**Task objective:** Reproduce the listing below from the line with "トップス レディース 総レース長袖シャツ" to the line with "Säljer en mörkblå", both lines included, character for character, minus any pictures.

**Dataset records:**
===
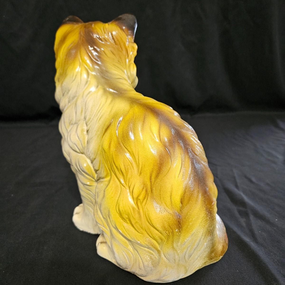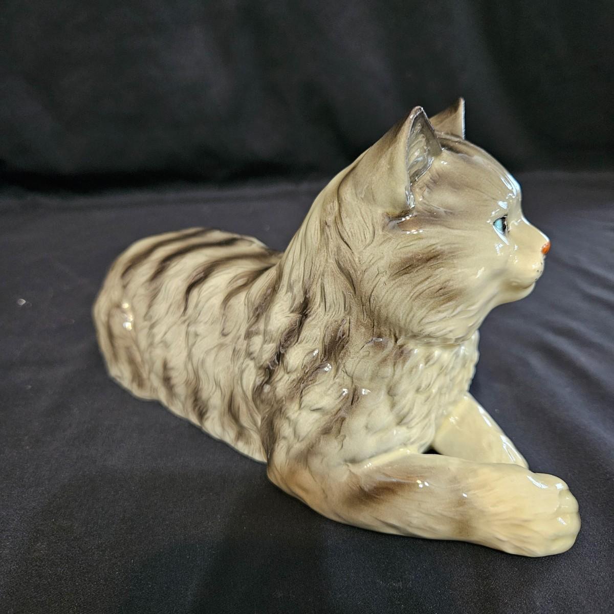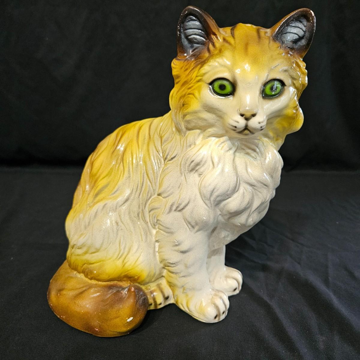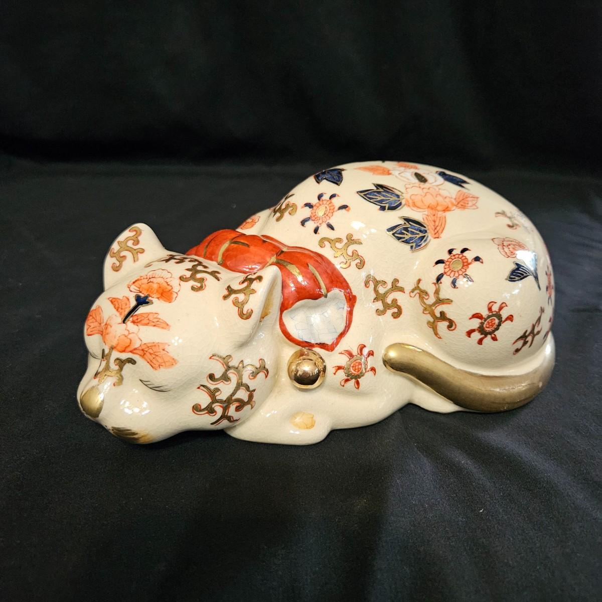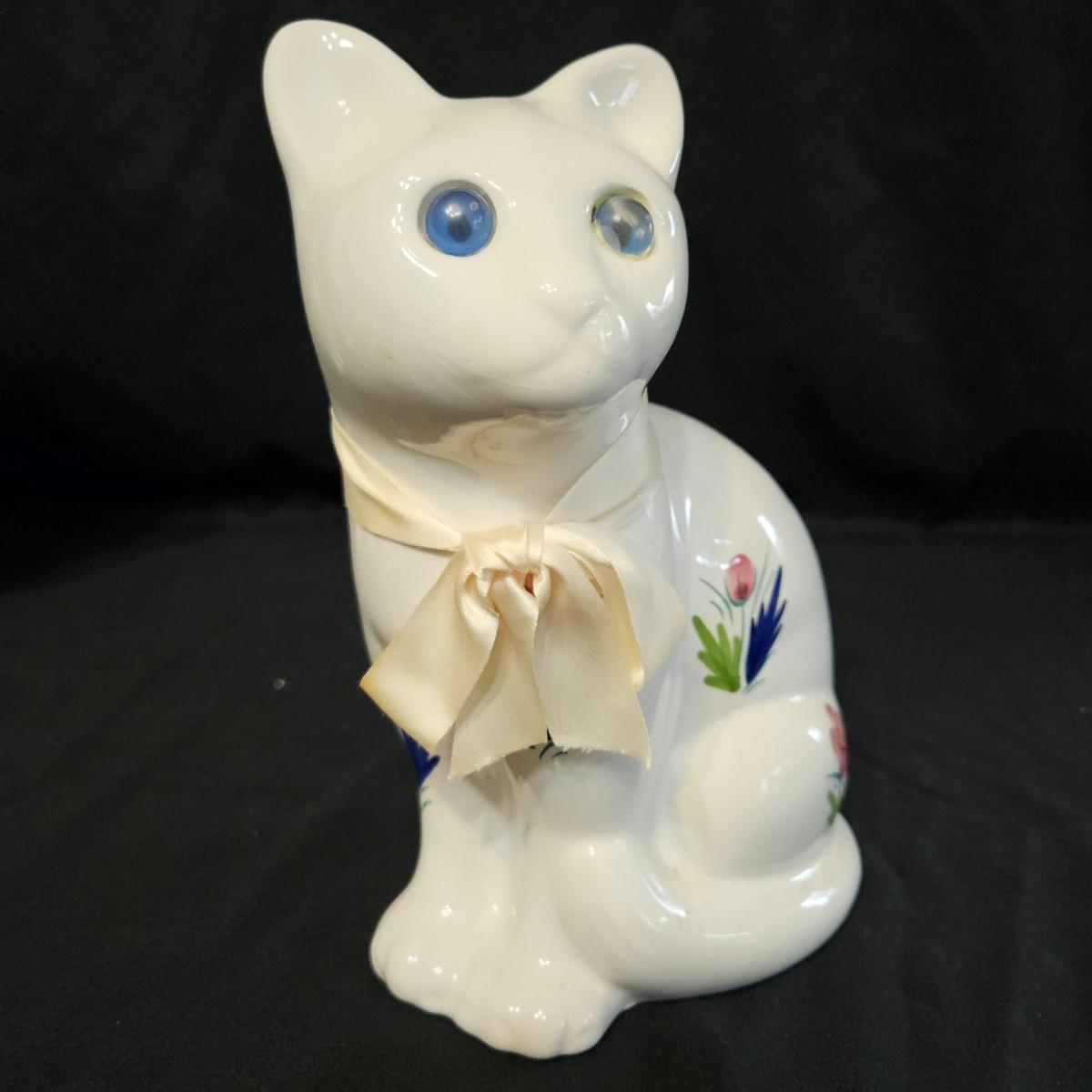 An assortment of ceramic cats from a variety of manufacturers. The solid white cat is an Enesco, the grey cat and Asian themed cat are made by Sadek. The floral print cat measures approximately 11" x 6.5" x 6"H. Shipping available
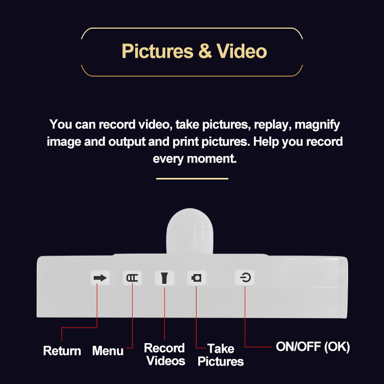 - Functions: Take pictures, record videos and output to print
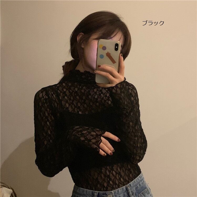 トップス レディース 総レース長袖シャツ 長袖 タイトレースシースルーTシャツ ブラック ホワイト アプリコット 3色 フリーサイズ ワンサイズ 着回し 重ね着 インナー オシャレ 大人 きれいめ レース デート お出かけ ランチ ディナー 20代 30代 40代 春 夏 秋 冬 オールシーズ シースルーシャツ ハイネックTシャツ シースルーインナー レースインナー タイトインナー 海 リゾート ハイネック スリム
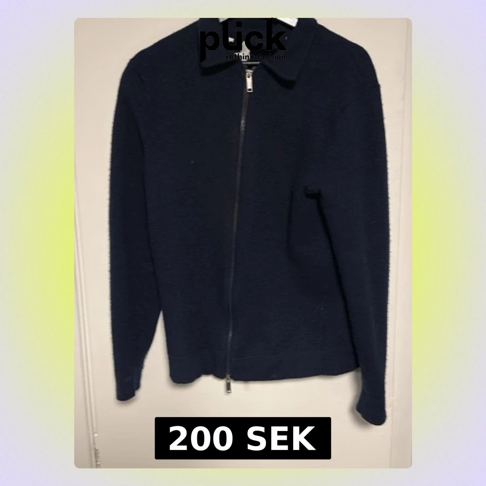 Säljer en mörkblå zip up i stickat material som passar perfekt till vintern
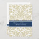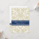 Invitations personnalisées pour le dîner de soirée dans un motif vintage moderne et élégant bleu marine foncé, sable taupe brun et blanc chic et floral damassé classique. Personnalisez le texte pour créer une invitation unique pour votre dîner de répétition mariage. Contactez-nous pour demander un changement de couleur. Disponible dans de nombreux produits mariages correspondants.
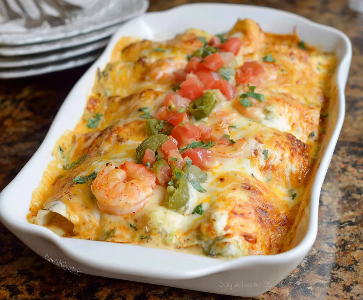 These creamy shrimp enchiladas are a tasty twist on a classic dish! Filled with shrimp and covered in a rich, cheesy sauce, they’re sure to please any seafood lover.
===
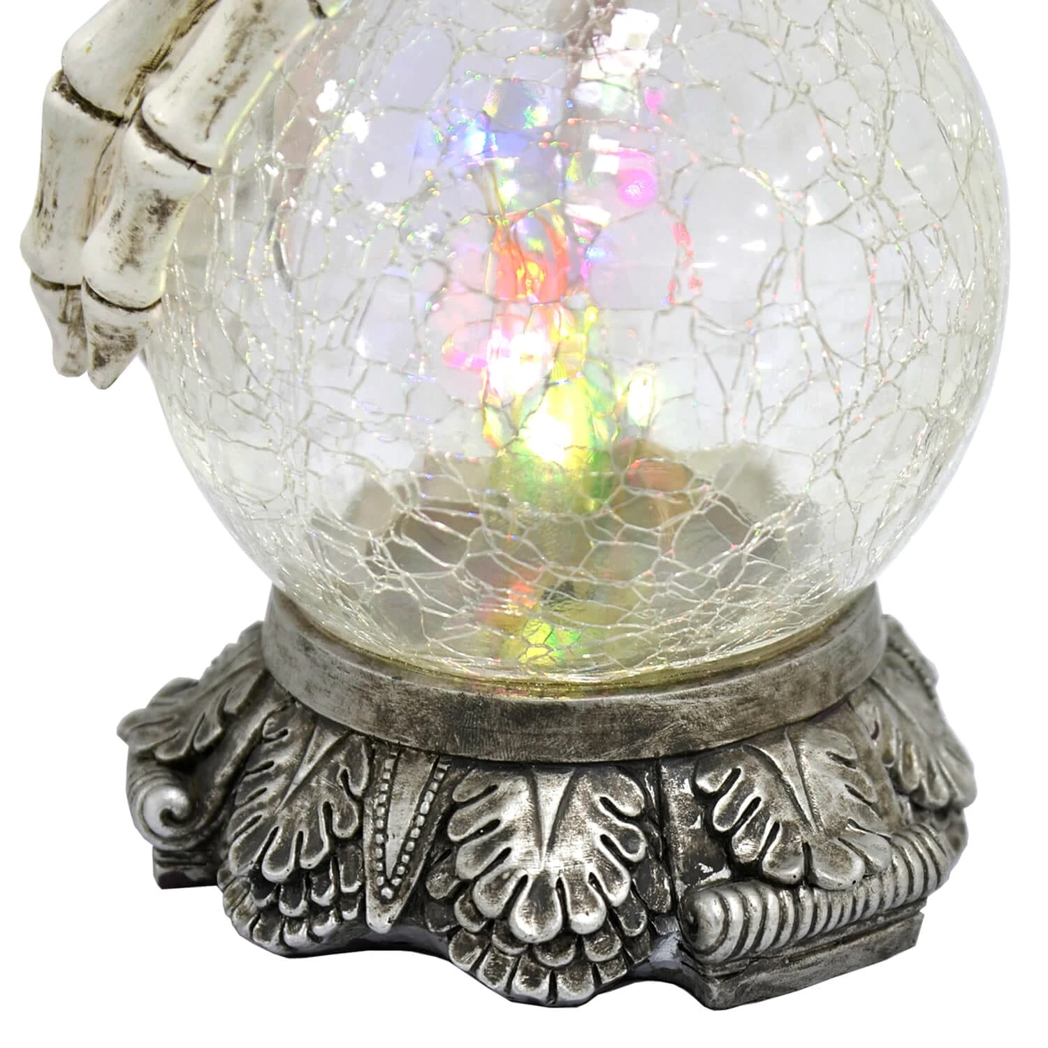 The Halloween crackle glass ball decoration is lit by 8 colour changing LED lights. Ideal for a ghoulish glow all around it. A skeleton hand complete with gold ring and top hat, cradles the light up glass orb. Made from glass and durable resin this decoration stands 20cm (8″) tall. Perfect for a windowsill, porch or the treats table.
===
**Written answer:**
 トップス レディース 総レース長袖シャツ 長袖 タイトレースシースルーTシャツ ブラック ホワイト アプリコット 3色 フリーサイズ ワンサイズ 着回し 重ね着 インナー オシャレ 大人 きれいめ レース デート お出かけ ランチ ディナー 20代 30代 40代 春 夏 秋 冬 オールシーズ シースルーシャツ ハイネックTシャツ シースルーインナー レースインナー タイトインナー 海 リゾート ハイネック スリム
 Säljer en mörkblå zip up i stickat material som passar perfekt till vintern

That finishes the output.